I don't mean to be ungrateful for my job, but maybe I am a little. I like what I do well enough, but I sometimes resent having to do it just to pay for life. This is why Abe and I are looking for a tiny house or duplex where we can have a tiny garden, why all of our furniture was free secondhand or from Goodwill, and why it took me a month to decide whether or not to get a new phone.
The new phone (so new! so shiny! and with an fm radio, a better camera than my camera, and an accelerometer that is a real feature, and not something I made up!) was "free," meaning I don't have to pay anything for it so long as I stay with At&T for another two years. I wrestled with this. I wondered: Where will I be in two years? What if I want my family to live on $500 a month? What if we have to live on $500 a month? Right now, that's less than our rent alone. And I freaked out a lot. Then I put on my reality hat (Abe crocheted it for me), and thought realistically. Realistically, I'll work at Florence Crittenton for another year (ish) or more. And after that, hopefully Abe and I will move to Idaho to be house parents at an awesome group home/ranch, or we'll move to Haiti to be hangers-on at my sister's house (please?), or I'll start grad school. I realized that this struggle wasn't just about really wanting to make a good decision about financial commitments - it was also me, thinking that denying myself things would somehow bring me closer to being the person I'd like to be (among other things, a person who is a little less attracted to new and shiny things).

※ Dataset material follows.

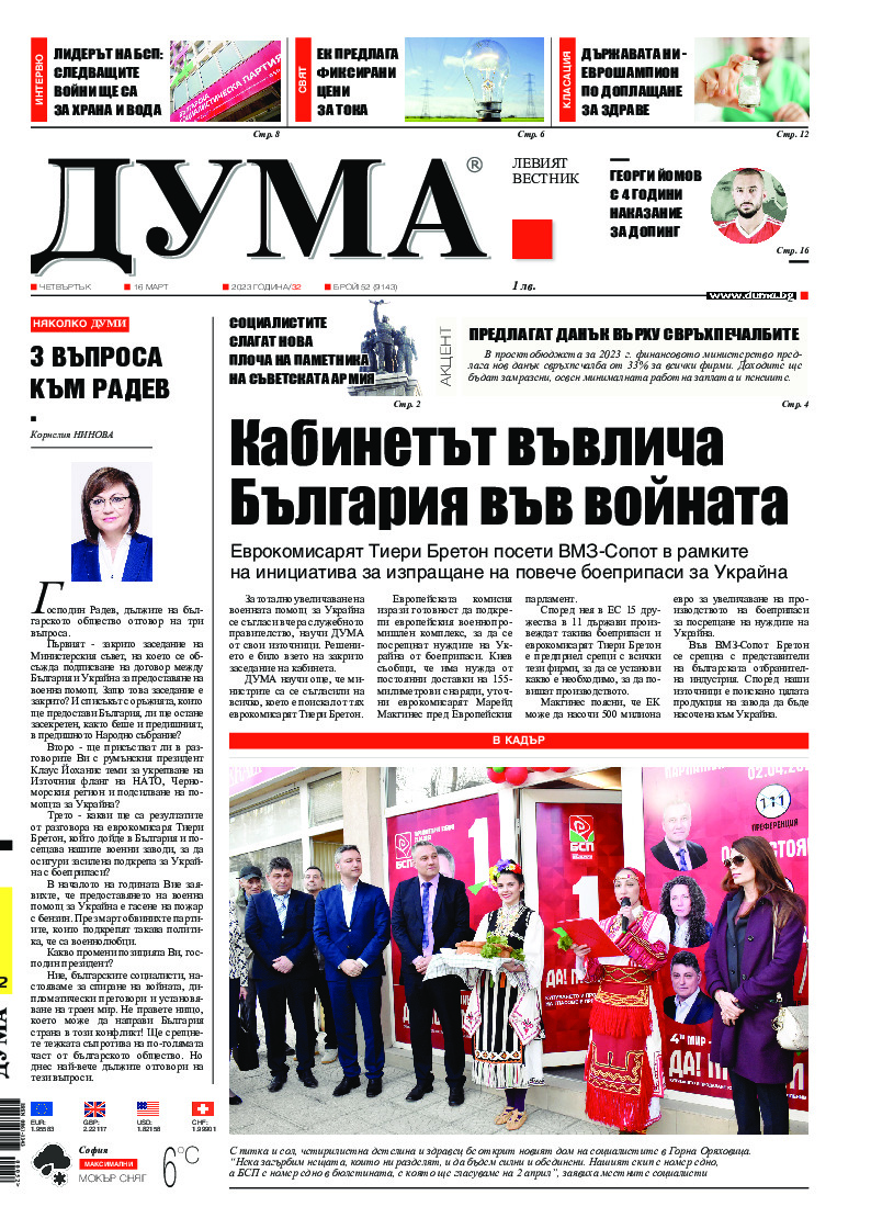 АБОНАМЕНТ за вестник „ДУМА“ за 2026 година. Можете да се абонирате в: „Български пощи“ АД до 15 декември 2025 г., „Доби прес“ ЕООД до 28 декември 2025 г., в редакцията на вестника до 20 декември 2025 г. Каталожен номер 6. Цени: 12 месеца - 149 € / 291,42 лв., 6 месеца - 75 € / 146,69 лв., 3 месеца - 40 € / 78,23 лв., 1 месец - 14 € / 27,38 лв. За повече информация тел. 02 9705 203 и 02 9705 216 отдел „Разпространение” на в-к ДУМА на ул. „Позитано” 20 А. E-mail: abonament@duma.bg АБОНАМЕНТ за вестник „ДУМА“ за 2026 година. Можете да се абонирате в: „Български пощи“ АД до 15 декември 2025 г., „Доби прес“ ЕООД до 28 декември 2025 г., в редакцията на вестника до 20 декември 2025 г. Каталожен номер 6. Цени: 12 месеца - 149 € / 291,42 лв., 6 месеца - 75 € / 146,69 лв., 3 месеца - 40 € / 78,23 лв., 1 месец - 14 € / 27,38 лв. За повече информация тел. 02 9705 203 и 02 9705 216 отдел „Разпространение” на в-к ДУМА на ул. „Позитано” 20 А. E-mail: abonament@duma.bg
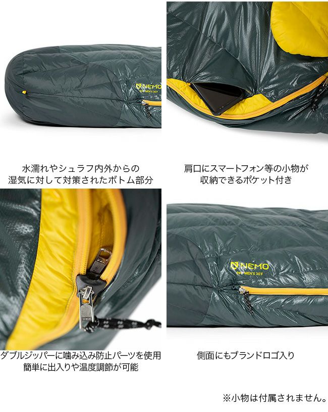 リフは800FPの撥水加工済みダウンと最先端の軽量素材、無駄を削ぎ落としたデザインを組み合わせることで、スプーンシェイプのシュラフの中で、最も軽量かつコンパクトな収納サイズを実現しています。

If we're being honest, I didn't take care of my old phone the way I should have. I dropped it the first week I had it, putting a ding in the side and voiding the manufacturer's waranty. Then, when the phone turned out to be crazy (half the time, in some mode for 'emergency calls only'? If it was really an emergency, I could just yell my head off and I wouldn't need a phone. Also, I'm neurotic, and everything is an emergency. Don't try to tell me it's not an emergency to call my husband about whether we need baking powder or baking soda. I'll call 911.), I just had to deal with it. Could I have continued to deal with it? Yes. And I would love to be without a cell phone contract. But chances are good that I'll keep my cell phone plan for two years anyway, and a free phone that works beats a free phone that doesn't. I decided that there's nothing inherantly evil about new things. I need to care for the things that I have, new or not, and I need to reuse or recycle the things I don't need anymore in a responsible way.